Nothing in the records below should be altered in the copy, although the pictures must be left out.
········
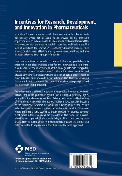Incentives for innovation are particularly relevant in the pharmaceutical industry where not all social needs provide equally profitable opportunities and where most OECD countries try to implement different measures that promote research in these less profitable areas. This book describes how incentives can be provided to deal with less profitable activities when no clear markets exist for the innovations. The book discusses alternative mechanisms to substitute for inexistent markets, situations where traditional instruments have proven totally insufficient, and the clear mismatch between the size of the markets being targeted and the incentives being provided. Patents become an ineffective way to incentivise R&D when the appropriability is low; this book provides alternative ideas such as allowing for a period of data exclusivity to firms that develop new drugs.
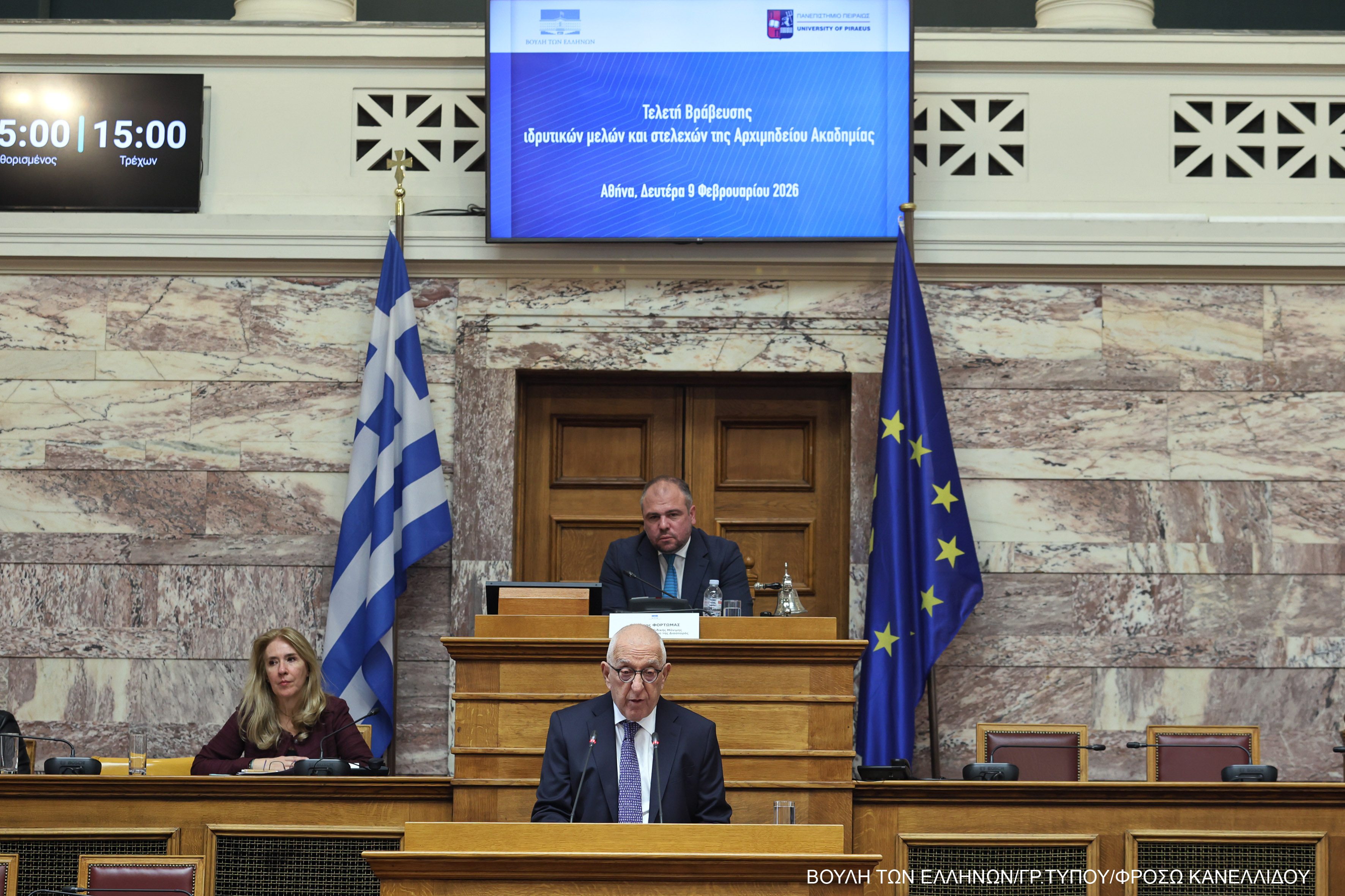 Αυτό επισήμανε ο Πρόεδρος της Βουλής των Ελλήνων κ. Νικήτας Κακλαμάνης σε ειδική εκδήλωση που πραγματοποιήθηκε στην Αίθουσα της Γερουσίας στο Κοινοβούλιο όπου βραβεύτηκαν ο Πρόεδρος και τα μέλη του Δ.Σ. της Αρχιμηδείου Ακαδημίας για τη συμβολή τους στην προώθηση και διάδοση της ελληνικής γλώσσας στη Διασπορά.
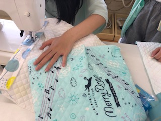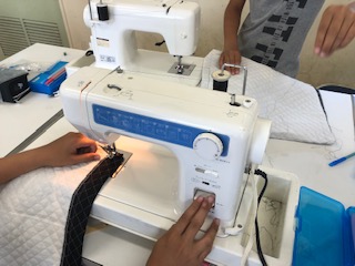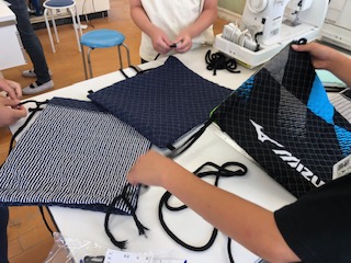 ミシンを使って縫っているナップサックも完成に近づいてきています。
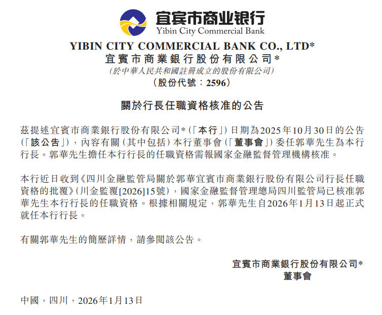 【宜宾市商业银行:1月13日起郭华正式就任行长】1月13日,宜宾市商业银行发布公告指出,该行近日收到《四川金融监管局关于郭华宜宾市商业银行股份有限公司行长任职资格的批复》,国家金融监督管理总局四川监管局已核准郭华该行行长的任职资格。根据相关规定,郭华自2026年1月13日起正式就任宜宾市商业银行行长。
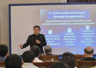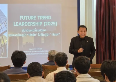 คุณถาวร ชลัษเฐียร ประธาน สม.เป็นประธานในพิธีปิดหลักสูตรผู้จัดการโรงงาน เพื่อให้แนวคิดในการเติบโตเป็นผู้บริหารที่สมบูรณ์ โดยให้ข้อคิดเรื่อง การเรียนรู้ ในการเป็นผู้บริหารต้องรู้จริงและรู้รอบ แต่การเรียนรู้นั้น “เราไม่สามารถเรียนรู้ใบไม้ได้หมดทั้งป่า แต่เราสามารถเรียนรู้ได้จากใบใม้ในกำมือ”เพียงแค่เราเริ่มเรียนรู้จากสิ่งเล็ก ๆ ใกล้ตัวก็จะทำให้สามารถรู้เรื่องราวต่างๆ รอบตัวได้มากขึ้นซึ่งจะทำให้เกิดการเรียนรู้อย่างต่อเนื่อง”
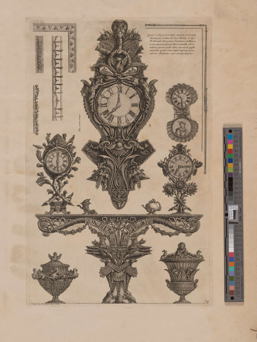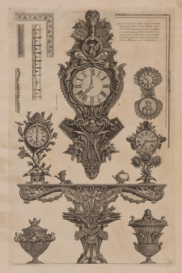 Plate 64: Furniture and a clocks is designed for Senator Rezzonico
········
> Answer box:
Incentives for innovation are particularly relevant in the pharmaceutical industry where not all social needs provide equally profitable opportunities and where most OECD countries try to implement different measures that promote research in these less profitable areas. This book describes how incentives can be provided to deal with less profitable activities when no clear markets exist for the innovations. The book discusses alternative mechanisms to substitute for inexistent markets, situations where traditional instruments have proven totally insufficient, and the clear mismatch between the size of the markets being targeted and the incentives being provided. Patents become an ineffective way to incentivise R&D when the appropriability is low; this book provides alternative ideas such as allowing for a period of data exclusivity to firms that develop new drugs.
 Αυτό επισήμανε ο Πρόεδρος της Βουλής των Ελλήνων κ. Νικήτας Κακλαμάνης σε ειδική εκδήλωση που πραγματοποιήθηκε στην Αίθουσα της Γερουσίας στο Κοινοβούλιο όπου βραβεύτηκαν ο Πρόεδρος και τα μέλη του Δ.Σ. της Αρχιμηδείου Ακαδημίας για τη συμβολή τους στην προώθηση και διάδοση της ελληνικής γλώσσας στη Διασπορά.
 ミシンを使って縫っているナップサックも完成に近づいてきています。
 【宜宾市商业银行:1月13日起郭华正式就任行长】1月13日,宜宾市商业银行发布公告指出,该行近日收到《四川金融监管局关于郭华宜宾市商业银行股份有限公司行长任职资格的批复》,国家金融监督管理总局四川监管局已核准郭华该行行长的任职资格。根据相关规定,郭华自2026年1月13日起正式就任宜宾市商业银行行长。
 คุณถาวร ชลัษเฐียร ประธาน สม.เป็นประธานในพิธีปิดหลักสูตรผู้จัดการโรงงาน เพื่อให้แนวคิดในการเติบโตเป็นผู้บริหารที่สมบูรณ์ โดยให้ข้อคิดเรื่อง การเรียนรู้ ในการเป็นผู้บริหารต้องรู้จริงและรู้รอบ แต่การเรียนรู้นั้น “เราไม่สามารถเรียนรู้ใบไม้ได้หมดทั้งป่า แต่เราสามารถเรียนรู้ได้จากใบใม้ในกำมือ”เพียงแค่เราเริ่มเรียนรู้จากสิ่งเล็ก ๆ ใกล้ตัวก็จะทำให้สามารถรู้เรื่องราวต่างๆ รอบตัวได้มากขึ้นซึ่งจะทำให้เกิดการเรียนรู้อย่างต่อเนื่อง”
 Plate 64: Furniture and a clocks is designed for Senator Rezzonico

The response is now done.